* EXERCISE REQUIREMENTS
Apart from the pictures, print the data below exactly as given.

* SUPPLIED DATA
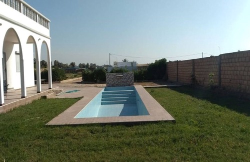 On a surface of 3500 m ², of 6km of the auto road 7km of Azemmour and 15 km of Eljadida near mazagan and royal golf, is located this villa surrounded by green and calm, fruit trees, a big terrace, a kitchen (oven, microwave, washing machine)
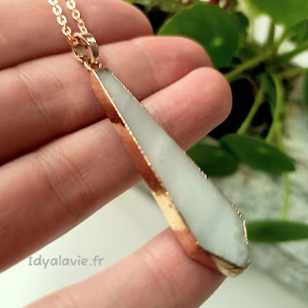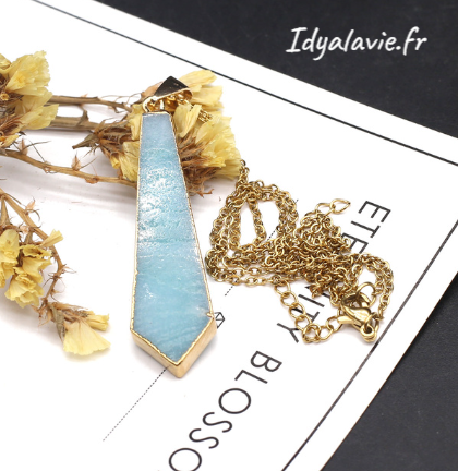 Un pendentif original en pierre naturelle d'Amazonite montée sur sertissage finition dorée.
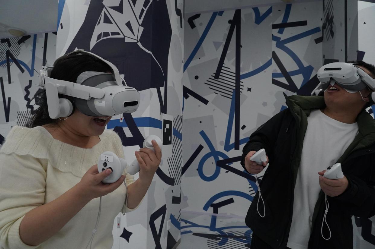 坐落于798艺术区的798超维视界,是国内首家虚拟现实影院。在这里,观影体验不再是传统的“观看”电影,而是真正“走进”电影,成为电影的一部分。这里共3500平方米,设有6个影厅,其中既有行进式影厅,也有坐观式影厅,还有一个《唐朝诡事录·西行》场景厅。目前,影院可放映片单已更新至15部,其中包括《地心游记》《浪浪山小妖怪:幻境奇旅》《木兰2125》《火星登陆计划·起源》等多部已获得“龙标”的VR电影。观众张先生体验完《浪浪山小妖怪:幻境奇旅》后赞不绝口,连连惊叹VR电影的奇妙。“以前玩过的VR设备画质低、故事老套、互动性弱,这次不仅故事背景、人物设定和《浪浪山小妖怪》保持一致,画面也非常好看,沉浸式互动的真实感特别强!”

* RESULT FOR THIS EXERCISE
 On a surface of 3500 m ², of 6km of the auto road 7km of Azemmour and 15 km of Eljadida near mazagan and royal golf, is located this villa surrounded by green and calm, fruit trees, a big terrace, a kitchen (oven, microwave, washing machine)
 Un pendentif original en pierre naturelle d'Amazonite montée sur sertissage finition dorée.
 坐落于798艺术区的798超维视界,是国内首家虚拟现实影院。在这里,观影体验不再是传统的“观看”电影,而是真正“走进”电影,成为电影的一部分。这里共3500平方米,设有6个影厅,其中既有行进式影厅,也有坐观式影厅,还有一个《唐朝诡事录·西行》场景厅。目前,影院可放映片单已更新至15部,其中包括《地心游记》《浪浪山小妖怪:幻境奇旅》《木兰2125》《火星登陆计划·起源》等多部已获得“龙标”的VR电影。观众张先生体验完《浪浪山小妖怪:幻境奇旅》后赞不绝口,连连惊叹VR电影的奇妙。“以前玩过的VR设备画质低、故事老套、互动性弱,这次不仅故事背景、人物设定和《浪浪山小妖怪》保持一致,画面也非常好看,沉浸式互动的真实感特别强!”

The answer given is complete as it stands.